The nanotubes may be composed of known inorganic elements as well as carbon, including, but not limited to tungsten disulifide, vanadium oxide, manganese oxide, copper, bismuth, and aluminumsilicates. In one embodiment, the nanotubes are those formed from at least one chemical element chosen from elements of groups Ma, IVa and Va of the periodic table, including those made from carbon, boron, phosphorus and/or nitrogen, for instance from carbon nitride, boron nitride, boron carbide, boron phosphide, phosphorus nitride and carbon nitride boride. A blend of two or more different nanotubes mat be used.
Useful aluminumsilicates include imogolite, cylindrite, halloysite and boulangerite nanotubes as well as synthetically prepared aluminosilicate nanotubes. The surfaces of the nanotubes may be treated or modified as may be desired to alter their properties. Nanotubes may be refined, purified or otherwise treated (e.g., surface-treated and/or combined with other substances such that the other substances are retained within the nanotubes) prior to being combined with the polyetherketoneketone.

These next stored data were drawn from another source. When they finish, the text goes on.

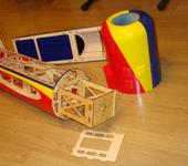 Был пока я его не купил. Ставлю на него ROTO 35VI. Вес голого планера 3850, взлётный вес 6500. Если заменить трубу и стойки шасси на уголь можно скинуть ещё 300 грамм. Морда у него очень длинная (не пропорционально), в связи с этим центровка сильно передняя пришлось обрезать мотокороб на 80 мм.
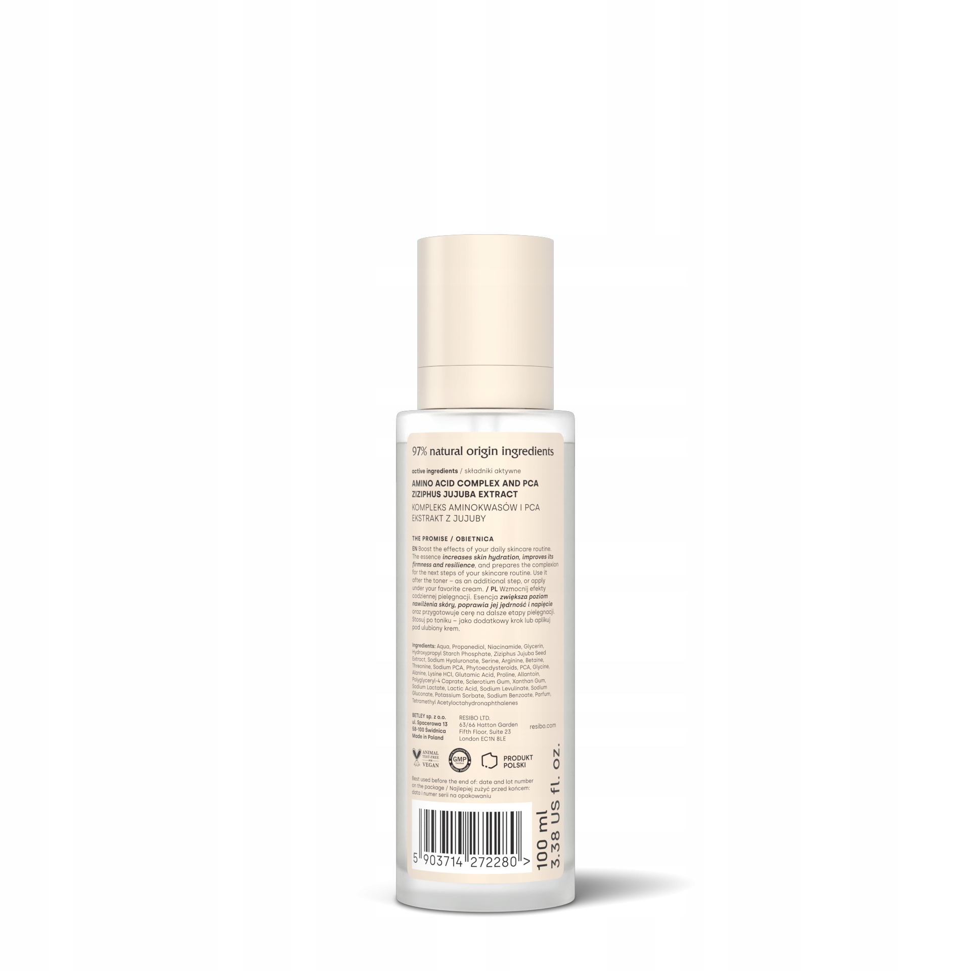 The Muse – esencja hydro-liftingująca Resibo to nowoczesny kosmetyk, który łączy działanie serum i toniku, zapewniając skórze natychmiastowe nawilżenie i efekt wygładzenia.
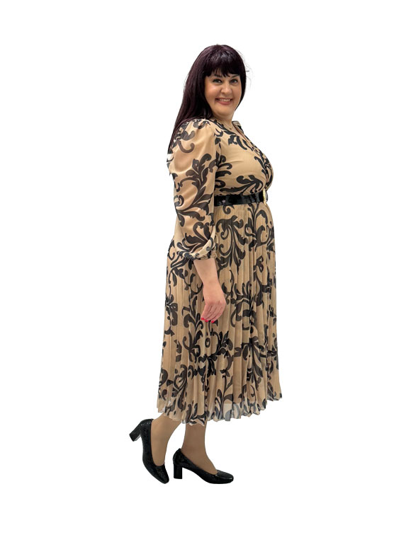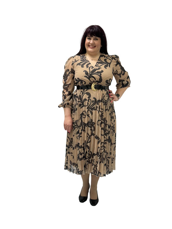 Ova ženska plus size haljina u bež boji sa braon detaljima je sofisticiran komad odeće koji istovremeno naglašava eleganciju i udobnost. Izrađena sa pažnjom prema oblinama ženskog tela, haljina je dizajnirana da istakne lepotu i pruži optimalnu udobnost. Bež osnova haljine pruža neutralnu paletu koja je lako kombinovana sa različitim stilovima. Braon detalji dodaju toplinu i dubinu, stvarajući elegantan kontrast. Haljina ima V izrez koji naglašava dekolte, pružajući ženstveni i privlačni izgled. Kaiš u struku dodaje oblik haljini, omogućavajući prilagođavanje i isticanje linije struka. Suknja u harmonika stilu je elegantna i pruža dodatni volumen i pokretljivost. Guma na rukavima dodaje suptilan detalj i pruža ležeran izgled, istovremeno održavajući sofisticiranost.
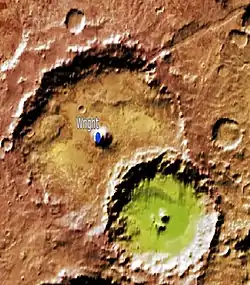 ![]() Cráter marciano Wright (colores virtuales) | ||
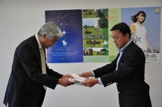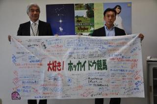 ホッカイドウ競馬存続メッセージ 寄せ書きフラッグ贈呈式 2009.09.02 9月2日(水)、門別競馬場で、昨日おこなわれた新ひだか町「2009Aiba祭・ホッカイドウ競馬存続メッセージ 寄せ書きコーナー」で作成された寄せ書きフラッグの贈呈式が行われました。Aiba静内応援事業実行委員会を代表して静内軽種馬生産振興会長西村和夫様からファンの方々の想いがつまった寄せ書きフラッグを贈呈いただきました。近日中に、門別競馬場スタンド内に展示する予定としております。
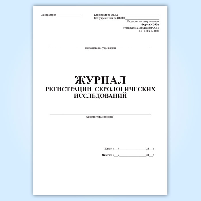 Журнал регистрации серологических исследований (диагностика сифилиса) (форма 260/у) в Улан-Удэ купить
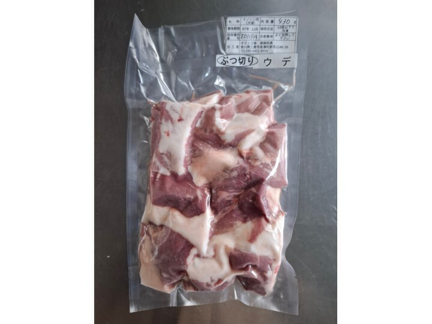 イノシシ ウデ ブツ切り 430gです。
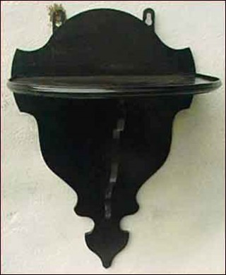 Large scaloped chapel or church wall shelf for statue made about 1870. it is in solid wood darl glaze in old time. Good condition. 26" tall 16"7/8 width 15" depth.
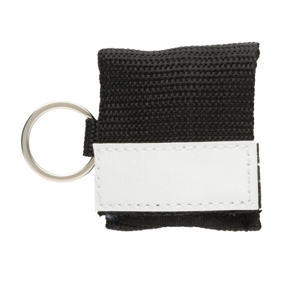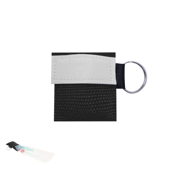 Small CPR face shield for mouth to mouth resuscitation, in webbing style pouch with velcro closure and steel keyring. Conform EN 13485:2016. With non-return valve. Note: This item can only be printed in black.
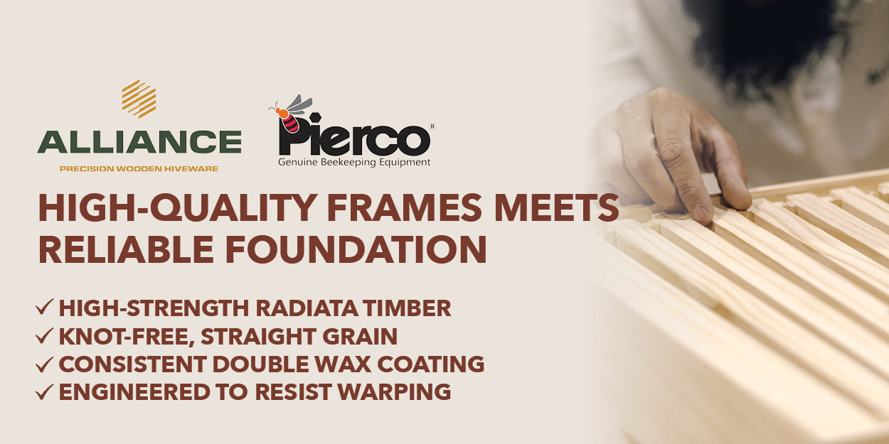 Constructed with Alliance's strong, high-quality Radiata timber and Pierco's durable food-grade plastic foundation, these new frames are the perfect upgrade for your bee yard.
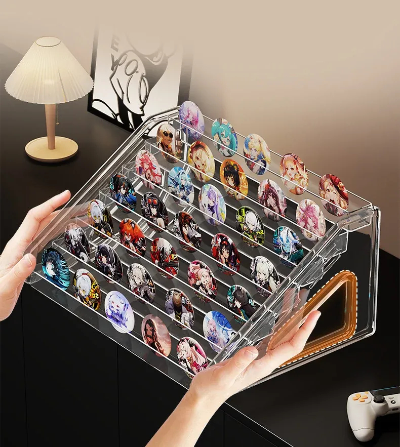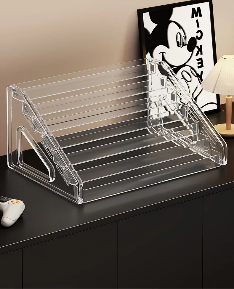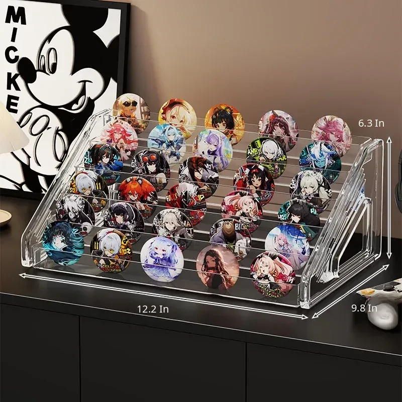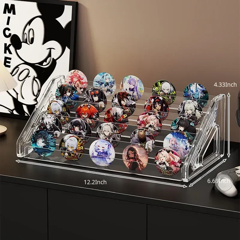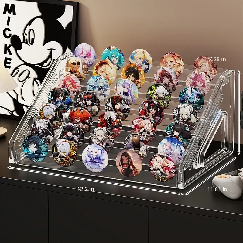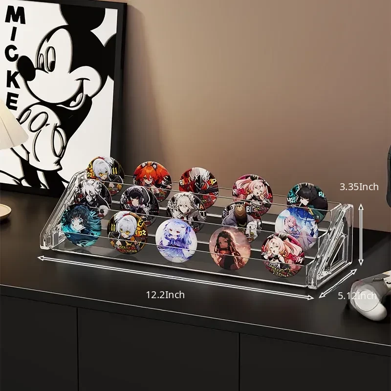 Desktop Acrylic Display Stand for Badges and Cards - Tiered Storage Organizer for Collectibles and Accessories

The amount of mineral nanotubes compounded with the polyetherketoneketone may be varied as desired, but generally the polymeric composition will comprise at least 0.01 weight percent, but no more than 30 weight percent, mineral nanotubes. For example, the polymeric composition may advantageously comprise from about 5 to about 20 weight percent mineral nanotubes. The polymeric composition may additionally be comprised of components other than the polyetherketoneketone and mineral nanotubes, such as stabilizers, pigments, processing aids, additional fillers, and the like. In certain embodiments of the invention, the polymeric composition consists essentially of or consists of polyetherketoneketone and mineral nanotubes. For example, the polymeric composition may be free or essentially free of any type of polymer other than polyetherketoneketone and/or free or essentially free of any type of filler other than mineral nanotubes.
The polymeric composition may be prepared using any suitable method, such as, for example, melt compounding the polyetherketoneketone and mineral nanotubes under conditions effective to intimately mix these components.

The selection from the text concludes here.